:: The task ::
Write out only the lines from the start of the entries up to and including the line with "其实我不是特别讨厌吃蒜,糖蒜"; please skip the pictures.

:: The data ::
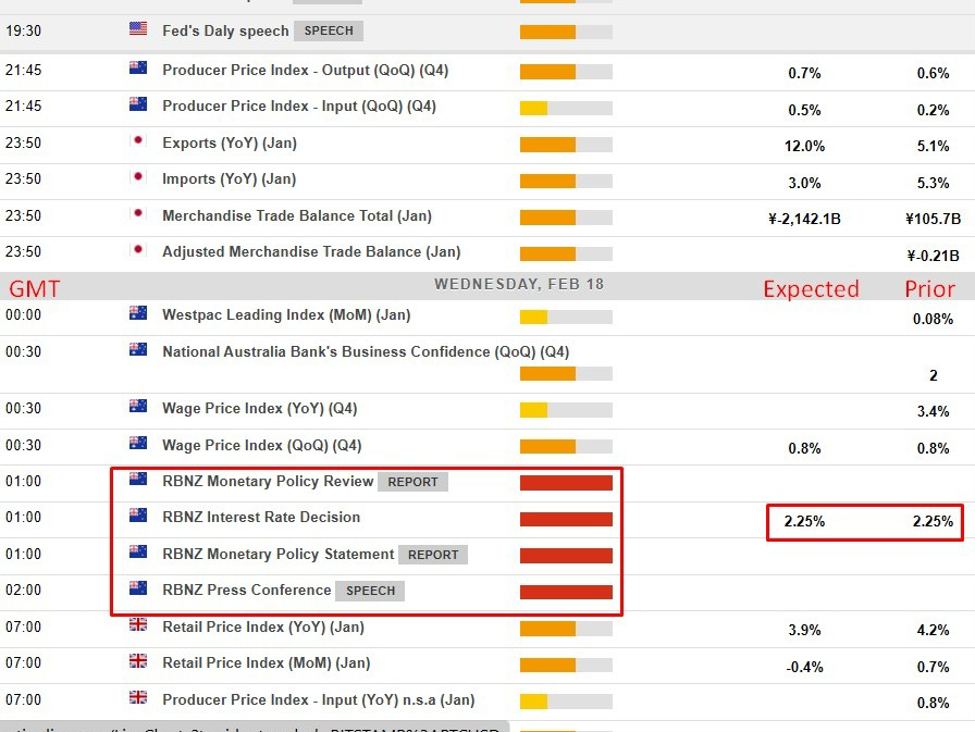 RBNZ statement due 18 February at 2pm New Zealand time (0100 GMT / 2000 US Eastern time on Tuesday 17 February). Previews:
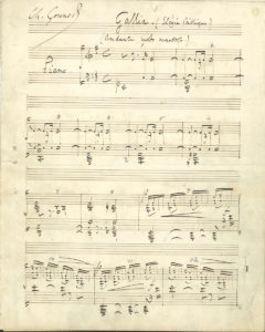 - un manuscrit autographe (1 page et quart petit in-4) à l’intention de Georgina WELDON pour son interprétation de Gallia à l’Opéra-Comique le 8 novembre 1871, en 3 points : « 1° Sur la ritournelle de la Cantilène, s’avancer à pas égaux sur le rythme de deux en deux temps ; puis s’arrêter avant la fin de la ritournelle, pour ne pas avancer trop loin »… Etc.
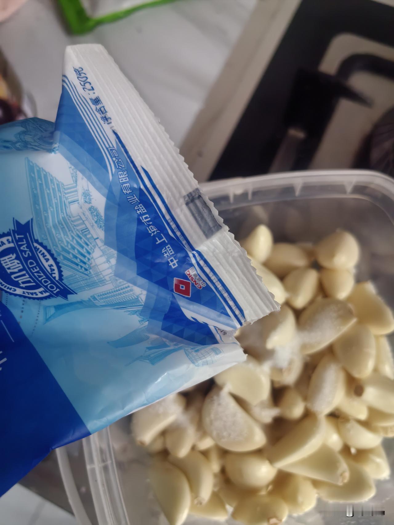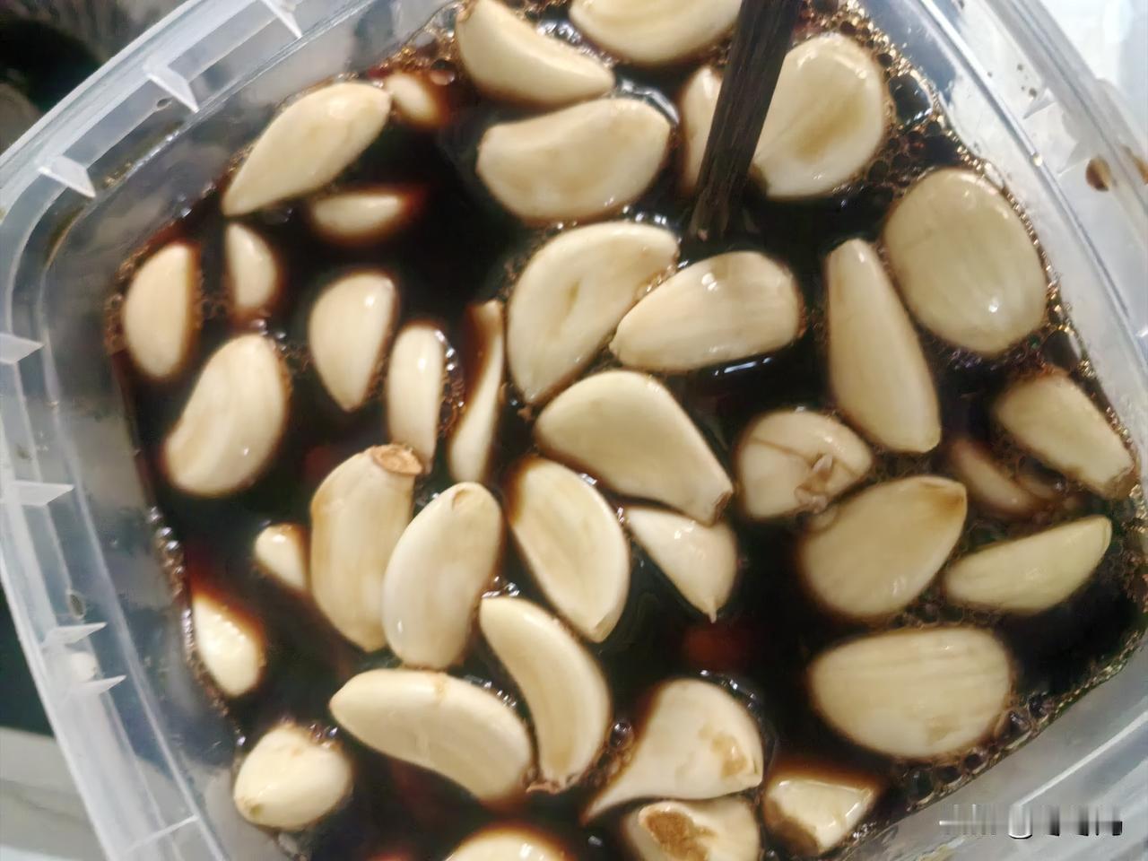 其实我不是特别讨厌吃蒜,糖蒜算是比较喜欢的人但是外面买的糖蒜也不太敢吃,因为高科技加的太多了。偶尔有一次在一个火锅店吃了一次人家泡的腊八蒜,碧绿的味道很好,就是糖蒜的味是腊八蒜的样子。想着自己也做一点吧,拼多多买了三斤的蒜,扒出了两斤大的,小的都拿来做菜。扒了大概一个小时,两瓶醋花了10块钱,又放了半斤白糖和一点盐。
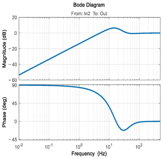 In this simulation model, In1 represents the desired input information of the Risley prism system on the motion platform, while Out denotes the output information of the Risley prism system on the motion platform. In2 serves as the disturbance input. The as the servo controller. The Fun 1 in Figure 11 corresponds to the strapdown LOS stabilization algorithm described in Section 2. The output of Fun 1 provides the rotation angle that compensates for the platform motion in the Risley prism system. In the absence of Fun 1, the rotation of the Risley prism system is solely determined by the rotation angle calculated from the original target guidance position. In such cases, platform motion will directly affect the LOS variation. With the inclusion of Fun 1, the rotation of the Risley prism is a combination of the rotation angle derived from the original target guidance position and the additional rotation angle due to the platform motion. The sum of these two components corresponds to in Figure 9, which helps mitigate the impact of platform attitude changes on the LOS. The simulation model calculates the Bode plot between In2 and Out, allowing for an analysis of the Risley prism system’s disturbance rejection capability at various frequencies. Figure 12 and Table 1 present the disturbance rejection Bode plot and the system’s disturbance rejection performance at different frequencies, respectively.
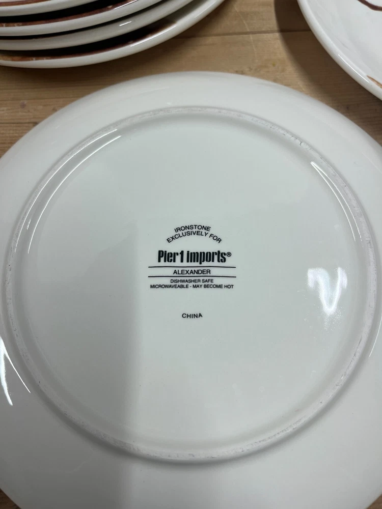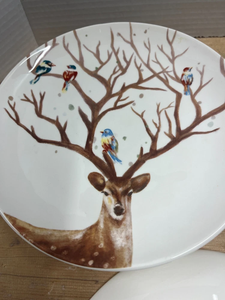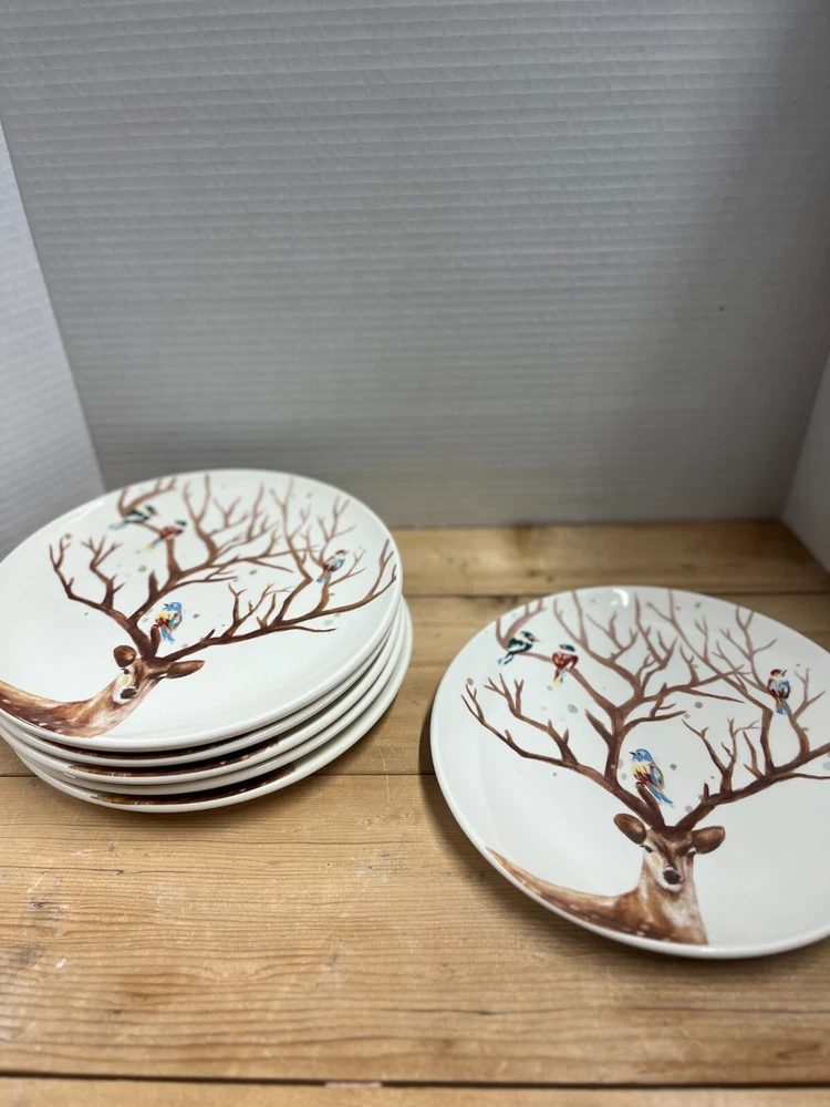 The product is a set of six Pier 1 Imports salad plates from the Alexander collection. The plates feature a deer theme and are made of ironstone in a white color. They are decorative and part of a limited edition product line. The plates have a diameter of 9 inches and are suitable for cabin, cottage, or lodge decor styles.
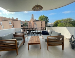 Elegant duplex with separate entrance to a gated complex. Located at the entrance of Marbella, 5 minutes walk to Cabopino beach. The apartment has been recently refurbished and is equipped to high standards. Fully complete kitchen and bathroom. Rooms decorated with detail. Large terrace overlooking the Mediterranean Sea.

:: Answer to this task ::
 RBNZ statement due 18 February at 2pm New Zealand time (0100 GMT / 2000 US Eastern time on Tuesday 17 February). Previews:
 - un manuscrit autographe (1 page et quart petit in-4) à l’intention de Georgina WELDON pour son interprétation de Gallia à l’Opéra-Comique le 8 novembre 1871, en 3 points : « 1° Sur la ritournelle de la Cantilène, s’avancer à pas égaux sur le rythme de deux en deux temps ; puis s’arrêter avant la fin de la ritournelle, pour ne pas avancer trop loin »… Etc.
 其实我不是特别讨厌吃蒜,糖蒜算是比较喜欢的人但是外面买的糖蒜也不太敢吃,因为高科技加的太多了。偶尔有一次在一个火锅店吃了一次人家泡的腊八蒜,碧绿的味道很好,就是糖蒜的味是腊八蒜的样子。想着自己也做一点吧,拼多多买了三斤的蒜,扒出了两斤大的,小的都拿来做菜。扒了大概一个小时,两瓶醋花了10块钱,又放了半斤白糖和一点盐。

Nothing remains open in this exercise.